Abstract
Drug fever caused by dalteparin-sodium (DS), a low-molecular-weight derivative of heparin, is neither listed in the official drug information and nor published as a case report until today. A preterm infant, born at 26 weeks of gestation, developed fever 2 days after starting a treatment with DS for an intracardial thrombus. The fever reverses soon after changing the treatment to unfractionated heparin and reappeared after reintroduction of DS. Once again, after discontinuing DS, the infant regained normothermia. Bacterial and viral infections, tissue damage, impaired liver or kidney function, preservative agents and comedications could be ruled out as fever origin. By using the Naranjo adverse drug reaction (ADR) probability scale and the Liverpool ADR causality assessment tool, this case can be classified as ‘probable ADR’ and ‘definite ADR’. This is the first case report of a drug fever caused by the low-molecular-weight heparin DS in a preterm infant.
Background
Drug fever is a condition where the body reacts with a febrile response to an administered drug in the absence of other underlying causes, for example, infection. The fever reverses once the offending drug is discontinued. A non-sensitised adult person receiving an offending drug for the first time usually takes a couple of days to develop the fever. When sensitised, the same person would react with a fever within hours when exposed to the same drug again.1
Febrile reactions in the preterm infants, in general, are rare events as the immune system is highly immature and hypothermia is the most common response to inflammatory events.
Unfractionated heparin (UFH) is a widely used drug in sick infants, mostly to prevent central-line-associated thrombosis. Using low doses of UFH continuously in central catheters is known to extend the usability of central lines.2 Using a low-molecular-weight heparin for treating thrombosis in a preterm infant is an off-label indication and a more seldom event on an NICU (neonatal intensive care unit).
UHF, in particular low-molecular-weight heparin, is until today not known to cause fever/hypertermia.1
Case presentation
The infant was born due to maternal contractions in 26+3 weeks of gestation by Caesarian section with uncomplicated postnatal transition.
During routine echocardiography on day of life (DOL) 5, a thrombus in the right ventricle of the heart was diagnosed.
After screening for coagulation disorders, a treatment with dalteparin-sodium, Fragmin, (DS) was initiated the same day. DS (100 IU/kg) was given two times per day by injections via a subcutaneous Insuflon catheter (Unomedica, Lejre, Danmark). The insertion site was inspected for signs of infection, bleeding or dislocation at least three times a day. By our local routine, the catheter was replaced every third day. On DOL 7, the infant's body temperature increased.
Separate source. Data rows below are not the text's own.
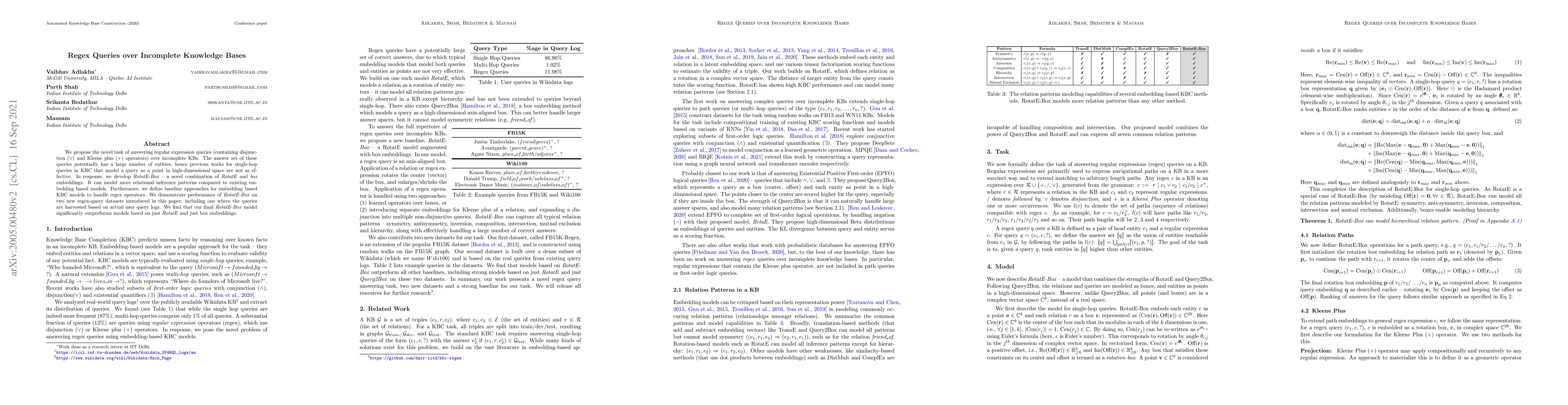 We propose the novel task of answering regular expression queries (containing disjunction ($\vee$) and Kleene plus ($+$) operators) over incomplete KBs. The answer set of these queries potentially has a large number of entities, hence previous works for single-hop queries in KBC that model a query as a point in high-dimensional space are not as effective. In response, we develop RotatE-Box -- a novel combination of RotatE and box embeddings. It can model more relational inference patterns compared to existing embedding based models. Furthermore, we define baseline approaches for embedding based KBC models to handle regex operators. We demonstrate performance of RotatE-Box on two new regex-query datasets introduced in this paper, including one where the queries are harvested based on actual user query logs. We find that our final RotatE-Box model significantly outperforms models based on just RotatE and just box embeddings.
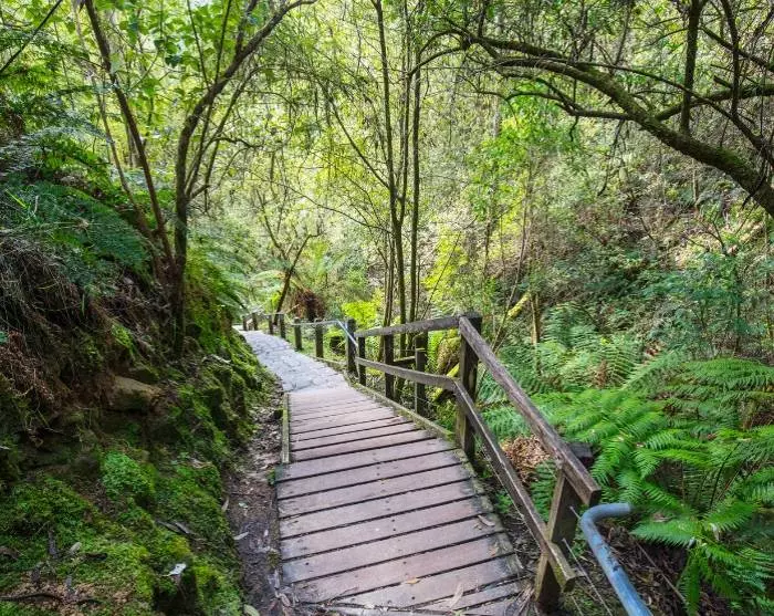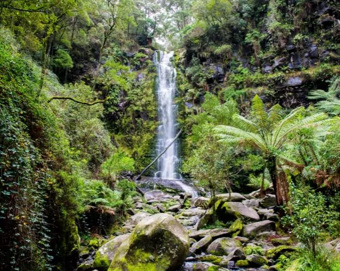 Vi anbefaler også et stop ved det eventyrlige vandfald Erskine Falls, som ligger omgivet af frodig regnskov lige uden for byen Lorne.
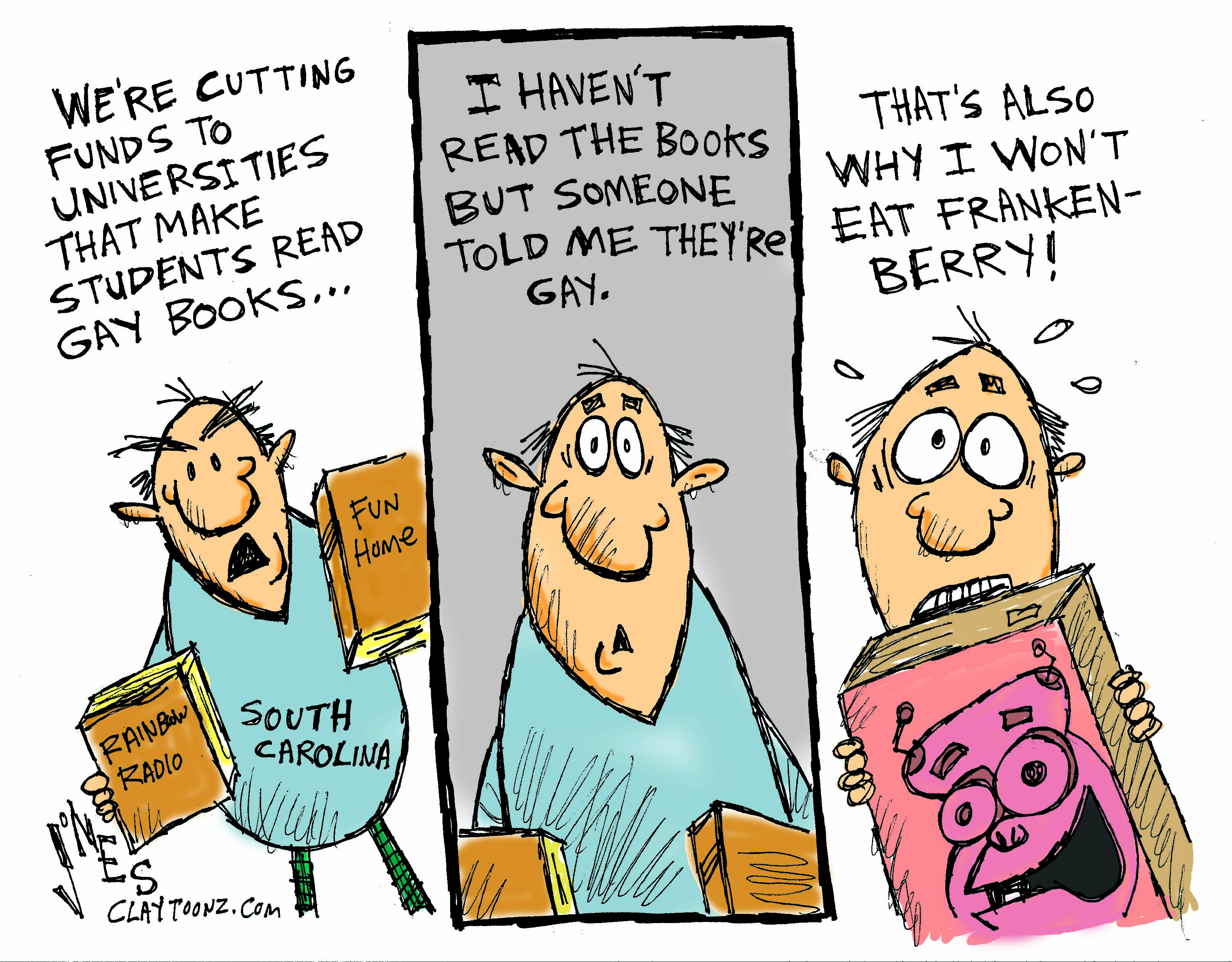 The South Carolina legislature will vote this week to reduce funding for two universities for requiring all their freshmen students to read books with gay themes. These schools assign a book every year, semester or something like that. This time two of the books have gay themes.
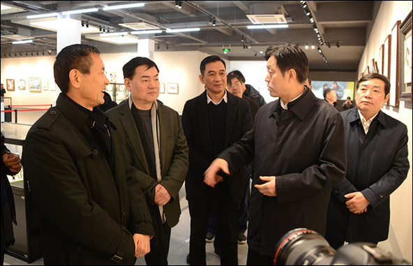 谢广祥一行首先来到我校艺术馆,分别参观了美术展厅、音乐展厅和地方文化展厅,在我校师生创作作品前不时驻足,边看边问。他高度评价了我校人文社科及艺术类学科建设成效,对艺术馆在提升学生艺术素养、推进学校艺术教育、传承地方文化、推动文艺创新等方面发挥的积极作用表示肯定,对我校探索艺术文化教育和人才培养模式的转型表示认同,对我校师生积极参与各级设计大赛、并将成果与企业有效链接表示赞许。他希望学校继续发挥自身学科专业优势培养应用型人才,为地方经济社会发展提供人才支持和智力支持。
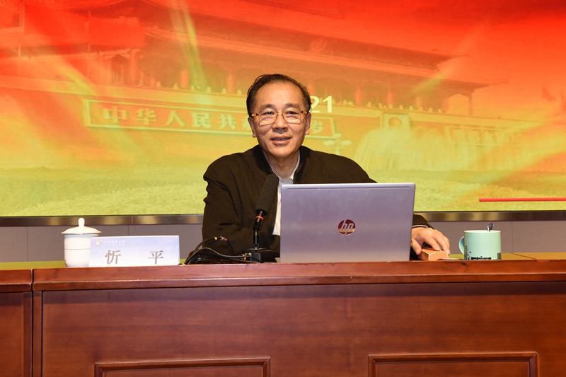 在九州在线第29期“泰山讲坛”上,忻平教授以“牢记初心使命,探索建党历史”为题,为全校处级以上干部,学术院长、副院长,党支部书记、“山海泉”理论宣讲团成员、思政课专兼职教师、学生工作干部作了辅导报告。
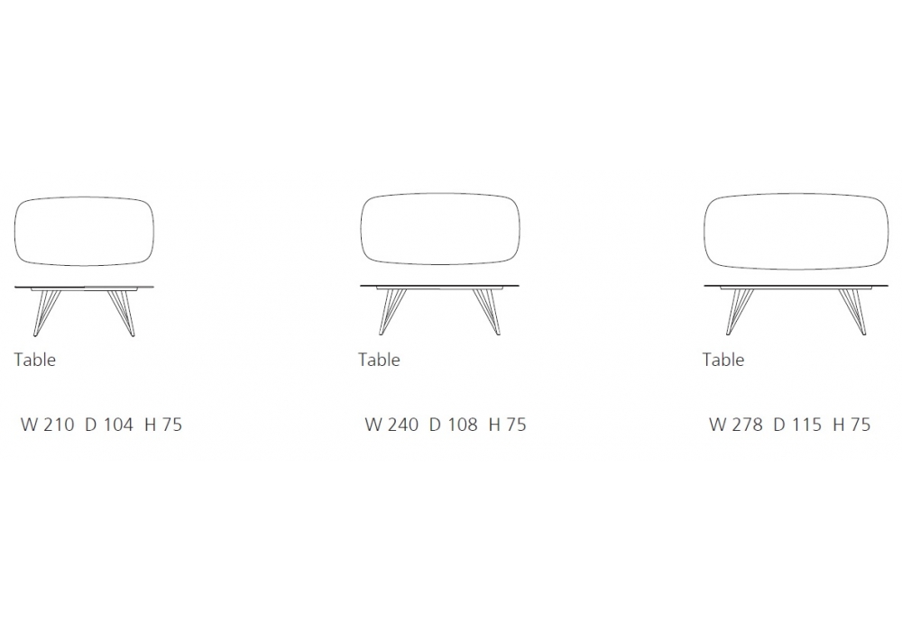 | Dimensiones | 210 x 104 x H 74 cm; 240 x 108 x H 74 cm; 278 x 115 x H 75 cm |
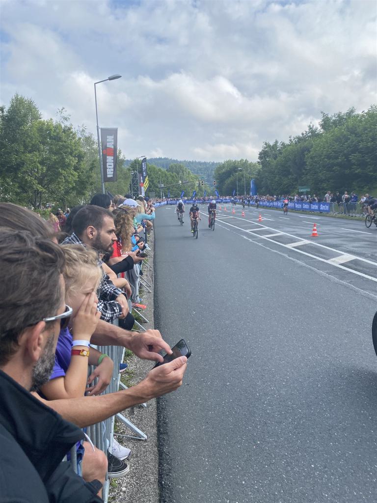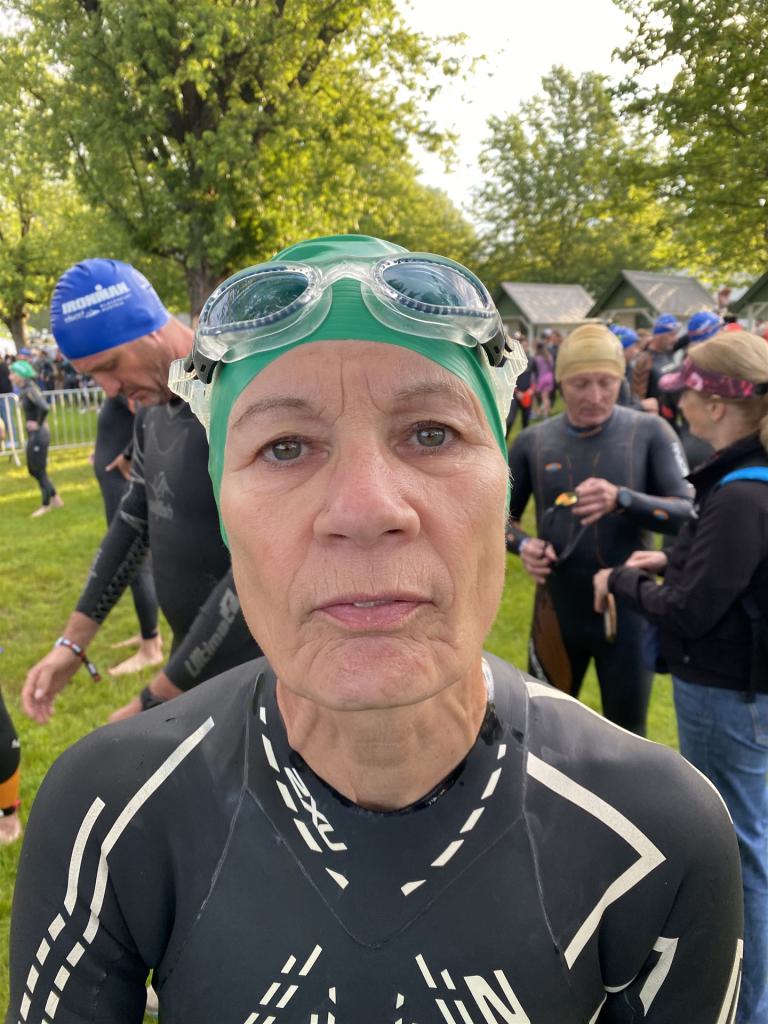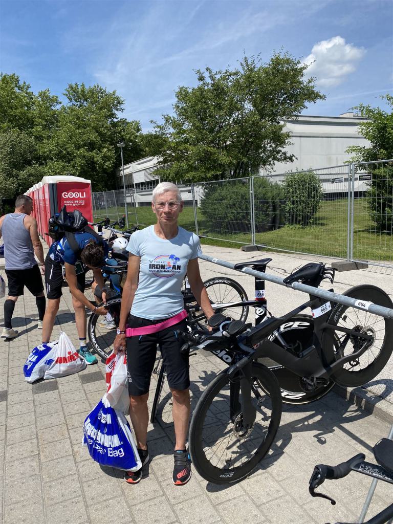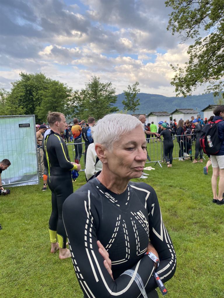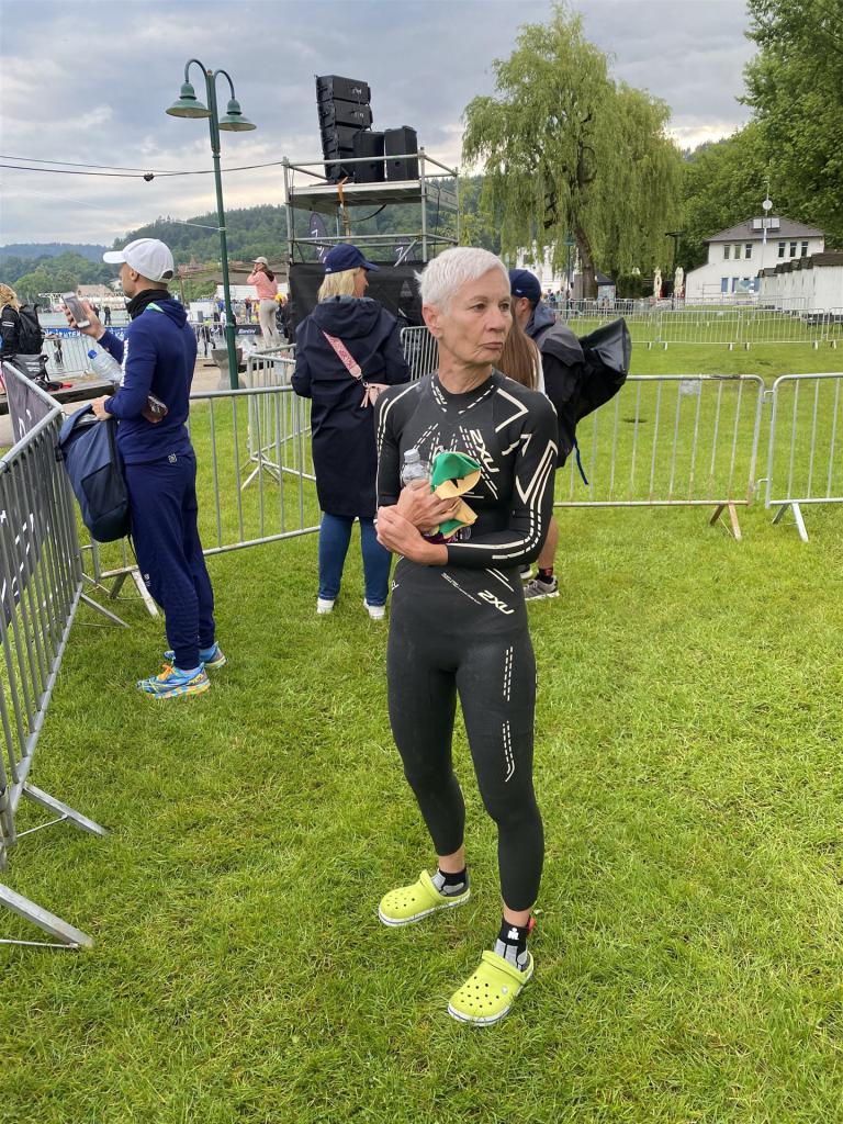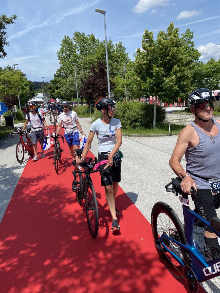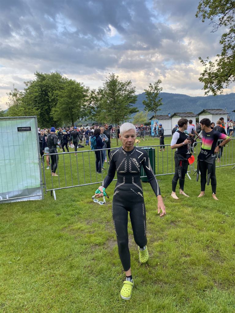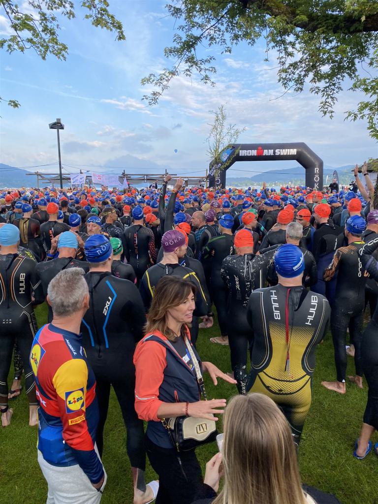 Geschwommen werden die 3,8 Kilometer im Wörthersee. Der See hat Trinkwasserqualität und ist relativ klar. Gestartet wird in Gruppen, man ordnet sich entsprechend der voraussichtlichen Schwimmzeit in eine Gruppe ein. Die Profimänner starteten um 6:30 Uhr, es gab keine Profifrauen. Ab 6:40 Uhr gingen die Agegrouper ins Wasser. Da ich keine Uhr beim Wettkampf trage konnte ich nicht einschätzen, wie lange es gedauert hat, bis ich ins Wasser konnte. Alle 5 Sekunden gingen 4 Athleten ins Wasser. Das Schwimmen war relativ entspannt, ich wurde nicht oft überholt und habe auch wenige Athleten überholt. Ich denke, die meisten Athleten haben sich korrekt eingeordnet. Der erste Streckenabschnitt klappt super, ich kann die Bojen sehr gut erkennen. Beim Rückweg in Richtung Lendkanal hatte ich leichte Schwierigkeiten mit den Bojen. War aber nicht schlimm für mich, ich habe mich an den anderen Athleten orientiert. Den Eingang zum Lendkanal konnte ich nicht erkennen, ohne Brille und dann noch direkt die Sonne, da habe mich absolut auf die anderen verlassen. Erstaunlicherweise hielt sich das Gedränge im Lendkanal auch in Grenzen, ich hatte mich Mental auf dichtes Gedränge und evtl. auch Schläge eingestellt. Nichts davon ist passiert. Das Schöne an diesem Kanal sind die Zuschauer auf beiden Seiten, die Stimmung ist super. Der Schwimmausstieg ist am Parkhotel, die Strecke bis in die Wechselzone ist relativ lang. Ich komme als 2. Frau in meiner AK aus dem Wasser. Mit meiner Schwimmzeit von 1:19:50 bin ich zufrieden.

At the same time, the patient begun showing signs of discomfort and the heart rate increased. As body temperature in preterm babies is related to the thermal environment (temperature and humidity in the incubator), the temperature and humidity in the incubator were decreased much more rapidly as usual to maintain normothermia (figure 1). After excluding infection as a cause for the hyperthermia, medication was changed from DS to a continuous infusion of UFH on DOL 17. The infant regained normothermia, the incubator temperature could be increased and the signs of irritation and tachycardia disappeared.
Figure 1.
Body temperature (upper box) and temperature in the incubator (medial box) are shown. Treatment periods with dalteparin-sodium (black), unfractionated heparin (gray) and no heparin treatment (white). Concomitant drugs are shown in the lower box. DOL, day of life.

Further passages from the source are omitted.